Dental radiography image enhancement for treatment evaluation through digital image processing.

BACKGROUND: Evaluation of dental treatment is performed by observing dental periapical radiography to obtain information of filling's condition, pulp tissue, remain dentin thickness, periodontal ligament, and lamina dura. Nevertheless, the radiographic image used often has low quality due to the level of x-ray radiation made low purposely in order to prevent health problem and limited tools capability. This low quality of the radiographic image, for examples, low image contrast, less brightness, and noise existence cause periapical radiography evaluation hard to be performed. This study aims to improve dental radiographic image quality for assisting pulp capping treatment evaluation.
MATERIAL AND METHODS: The research methodology consists of three main stages, i.e. data collection, image enhancement method production, and result validation. Radiographic image data collection in The Dental Hospital UMY. Image enhancement method has been conducted by comparing several methods: contourlet transform (CT), wavelet transform, contrast stretching (CS), and contrast limited adaptive histogram equalization (CLAHE) to reduce noise, to optimize image contrast, and to enhance image brightness.
RESULTS: The result of this study is according to mean square error (MSE) and peak signal to noise ratio (PSNR) statistics evaluation, it obtains that the highest scores of MSE and PSNR in row gained from CT method totaled 5.441453 and 40.53652, followed by CLAHE method with the scores are 10.66326 and 38.00736, CS method whose scores are 12.39881 and 39.18518, and the last is wavelet method with the scores are 15.41569 and 36.25343.
CONCLUSIONS: Nonetheless, MSE and PSNR scores are not enough merely to give a recommendation of any suitable methods for improving contrast, therefore, it needs another success parameter coming from the dentist. Key words:Dental radiography, image enhancement, digital image processing.

Introduction

Pulp capping treatment is indicated for reversible pulpitis. The initial success of the treatment is seen by the dentist after one-week application of pulp capping material based on subjective and objective examination. Subjective examination based on anamnesis, the patient is not feeling pain anymore and no complaints during the treatment. The objective examination by sondasi, percussion, and palpation with the result in normal limit. A radiographic examination was performed by the dentist as a follow-up investigation after one week of pulp capping treatment which was to see the condition of pulp tissue, periodontal ligament, lamina dura, the lining and pulp capping material were in hermetic condition. Furthermore, after more than 1 month of the treatment, the dentist will control the pulp capping treatment condition by investigation of the radiograph to see the tertiary dentin formation. However, to determine the thickness of tertiary dentin is still a difficulty for most dentists. So, it is necessary to make dental image enhancement (1).

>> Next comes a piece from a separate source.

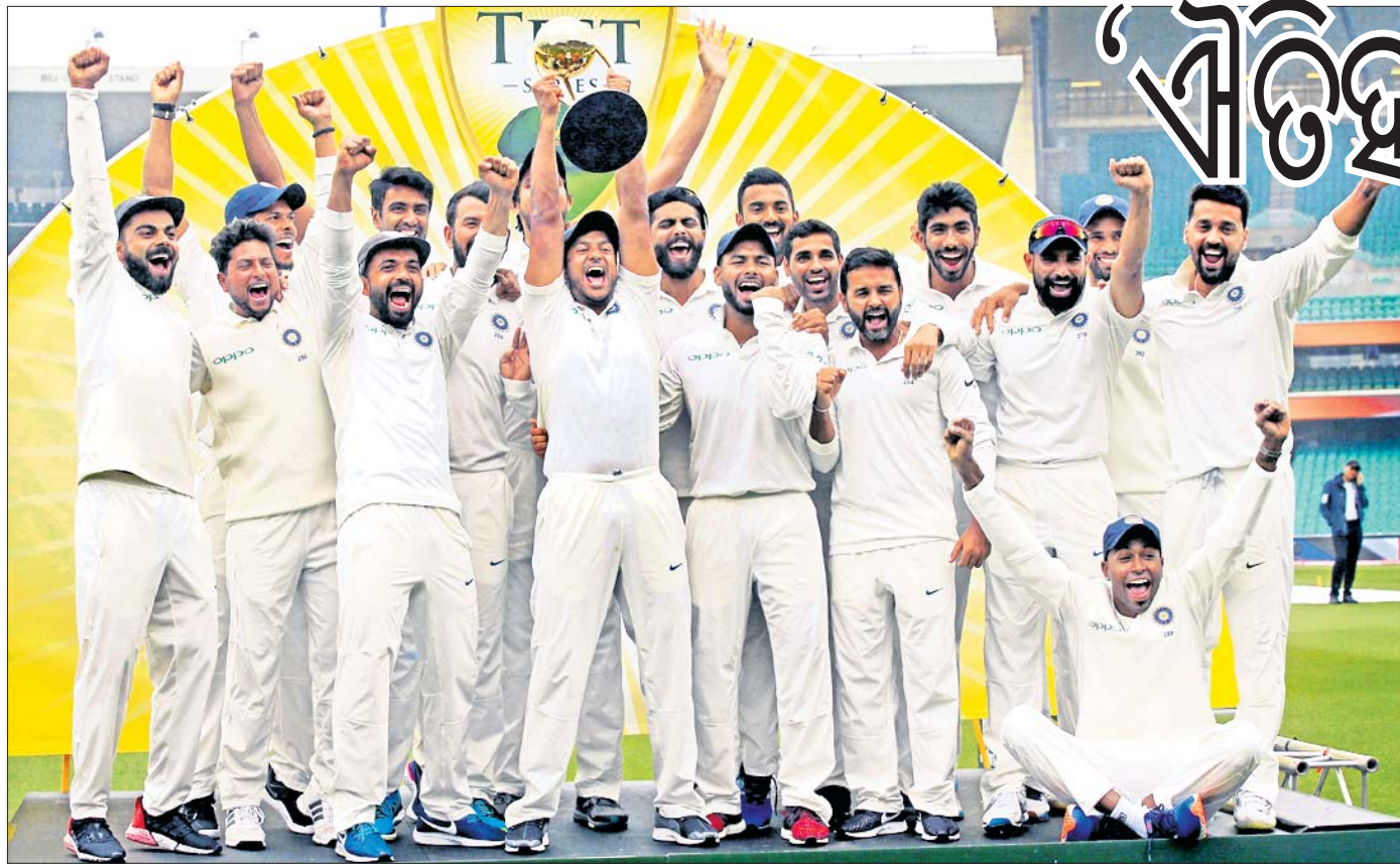
ଅଷ୍ଟ୍ରେଲିଆ ବିପକ୍ଷରେ ଚେଷ୍ଟିକା କରୁଥିବା ଭାରତୀୟ ଦଳର ସଭ୍ୟମାନଙ୍କ ଛବି।

The radiography in dental observation and treatment evaluation has been used commonly in many hospitals and clinics. Radiographic images are obtained from X-ray radiation passing through mouth structure with different levels based on organ density so that it produces various image greyscale level (2). X-ray radiation intensity is adjusted as small as possible, about 0.150 mSv according to American Dental Association, in order not to damage dental and organ tissue in the mouth (3-5). The effect of radiation should be adjusted as small as possible. Radiographic equipment will produce radiographic images with less contrast resulting teeth object, especially the edge parts, getting blurred (6-8). Besides the aspect of the radiation generating less contrast image, another one influencing Rontgen image quality is the limitation of the equipment’s capability itself so that the images production containing much noise. Its existence is disturbing enough due to causing teeth object covered by unnecessary information. Another problem occurred in the radiographic image is incorrect brightness level, so the teeth object does not display sharply (9,10). The parts of detailed teeth are invisible making the doctors difficult to have images observation. In short, radiographic images producing noise, fewer contrast images, and incorrect brightness level causing the doctors hard to evaluate dental periapical, particularly for clerkship in dental hospital (11,12).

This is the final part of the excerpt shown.